FLERP, I took your advice. Thank you.
And by “something”, I do of course mean “someone”…
What ARE you talking about? Threatening you in what way? I’m stating verifiable facts. There are no threats made or implied in anything I’ve said.
“I do not have any independent facts. I printed an email that I received from another country. I checked the names of the individuals mentioned in the email on Twitter, and they are young men. I deleted their twitter handles so they could not be identified. I verified by googling that Mr. Lueck is in charge of global security for Pearson. What else should I check?”
No, nothing, that’s all great journalism – printing emails and using Twitter and Google for facts seems legit.
Oh, except Marc isn’t in charge of global security, it’s threat management. And I could create a profile on twitter that said I was a 20 year old barmaid from Leicester. I could also write you an email that said all of the above, proving that he was molesting me at weekends. But he isn’t.
The source, the person Marc pays for, is breaking the law. It will be a pretty simple exercise to trace the provider of that report. The person stealing Pearson IP without paying is breaking the law. The intent behind finding them will not be to prosecute, perhaps to educate, certainly to find better ways of protecting Pearson IP.

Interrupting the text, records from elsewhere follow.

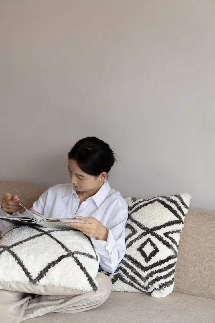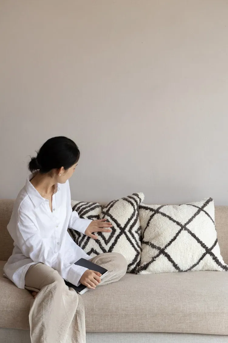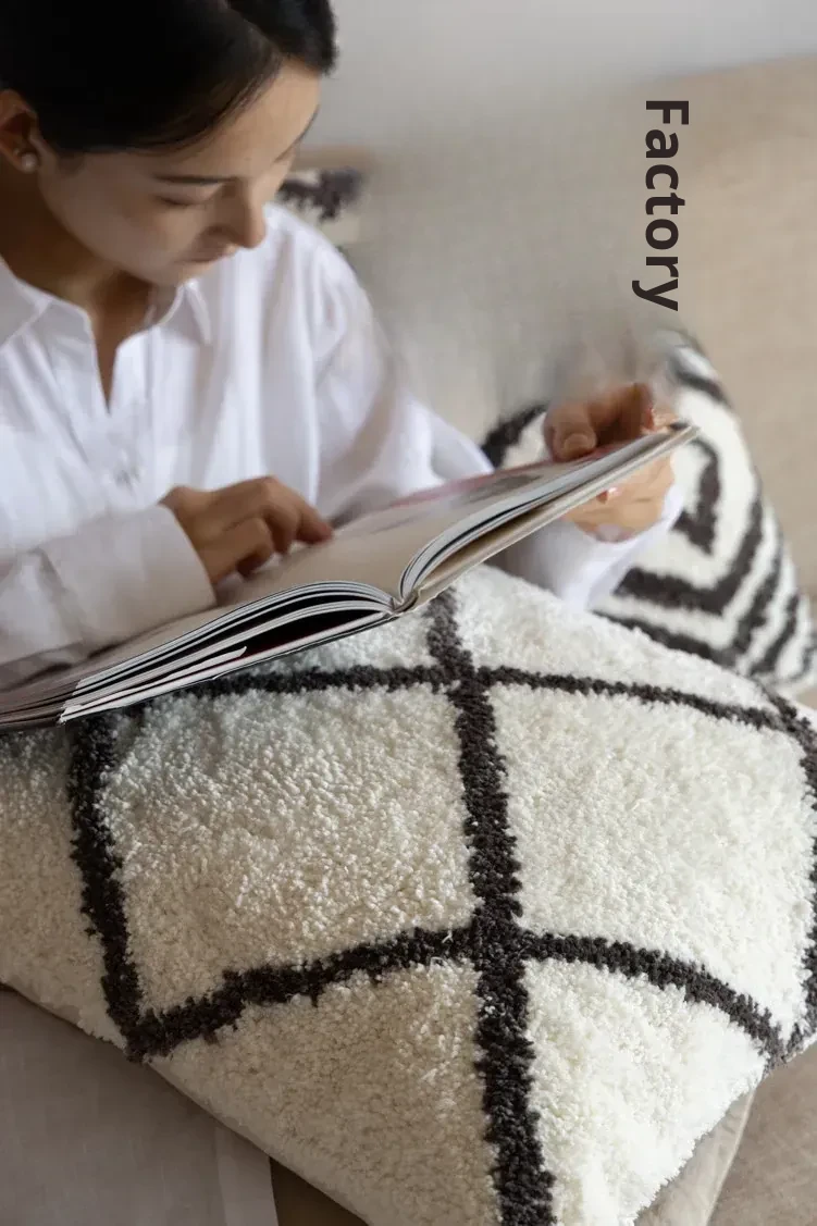 Rona Moroccan-Style Throw Pillow - Luxurious Long Plush Sofa Cushion with Removable Cover and Insert, Easy to Clean, Perfect for Cozy Home Décor
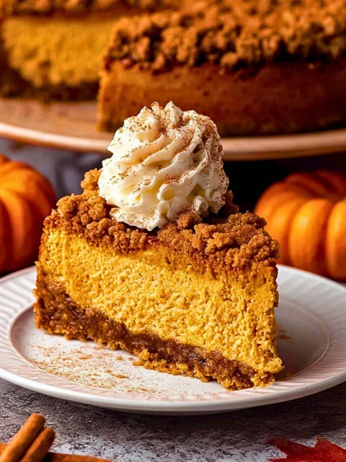 What makes this dessert truly unforgettable is the contrast of flavors and layers. You get the crisp streusel crunch, silky pumpkin cheesecake filling, and a chewy spiced crust that brings it all together. Add a swirl of whipped cream and a dusting of cinnamon on top, and you’ve got a slice that’s made for both taste and presentation.
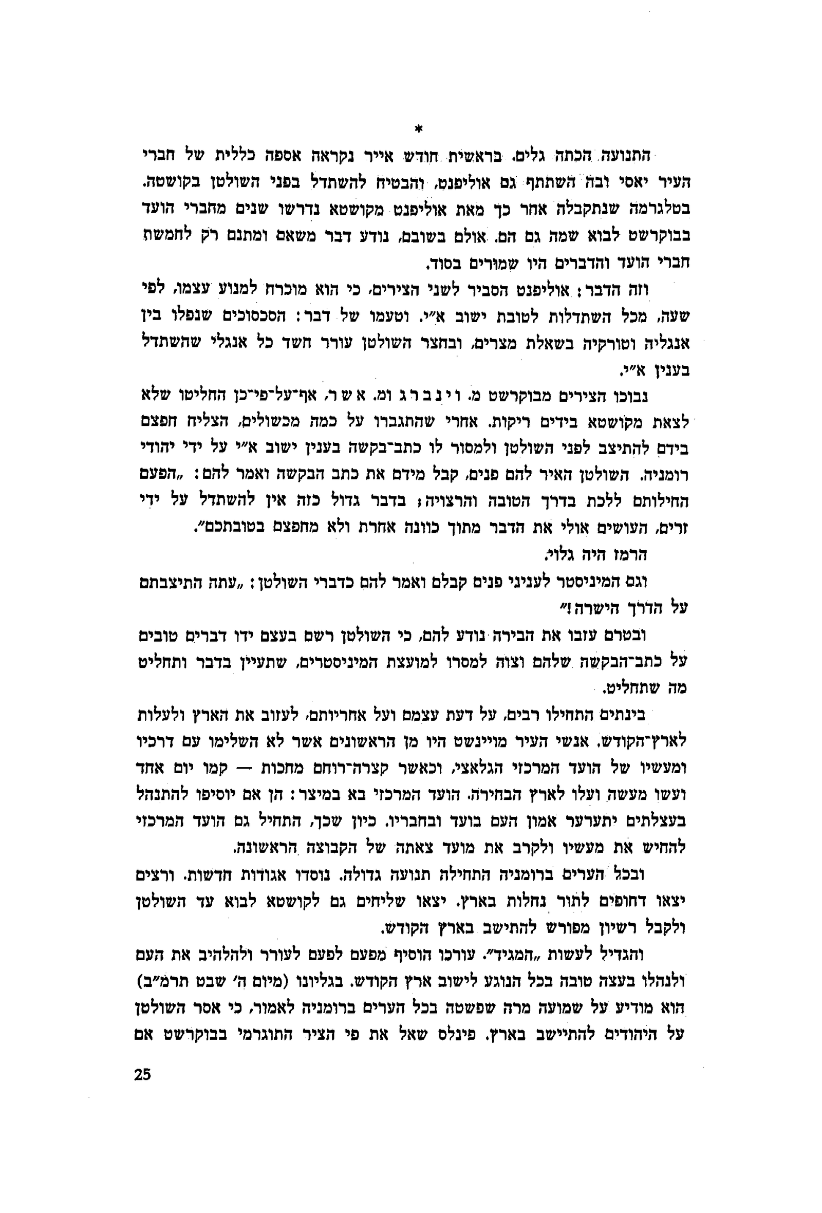 ובכל הערים ברומניה התחילה תנועה גדולה. נוסדו אגודות חדשות. ורצים יצאו דחופים לתור נחלות בארץ. יצאו שליחים גם לקושטא לבוא עד השולטן ולקבל רשיון מפורש להתישב בארץ הקודש.

You are supporting illegal actions. These are facts, not threats. Don’t keep twisting my words, I’m not stupid, and I’m not going to have you arrested, if that’s what you mean. I have nothing to prove, Marc is not at fault here, but you certainly are.
Very little point in redacting a report that has already been published online, cached and copied from the source page. Again, if you understood the web, what information security is, or threat management, you’d possibly get that.
I suspect that Marc will just talk to the person responsible and ask that they air their concerns internally before going to anti-Pearson blogs (I won’t say “press” as it hardly applies). He would be justified in having the leaker fired and/or cautioned by authorities by the way – but I know he doesn’t work like this.
Threat Management by the way – read the words. It’s about MANAGING, that is making sure it is controlled, the THREAT, that is, people or things that are exploiting vulnerabilities in your infrastructure that expose you to a loss of revenue. Marc is not arresting, prosecuting or even naming people, he is making sure he knows who is accessing Peason owned IP so that if that threat becomes worse, different, larger, he knows where it started, how to stop it, how resources are best used. I suspect in this case, once the knowledge was gained it was filed and not pursued.
You could take a leaf out of that particular book.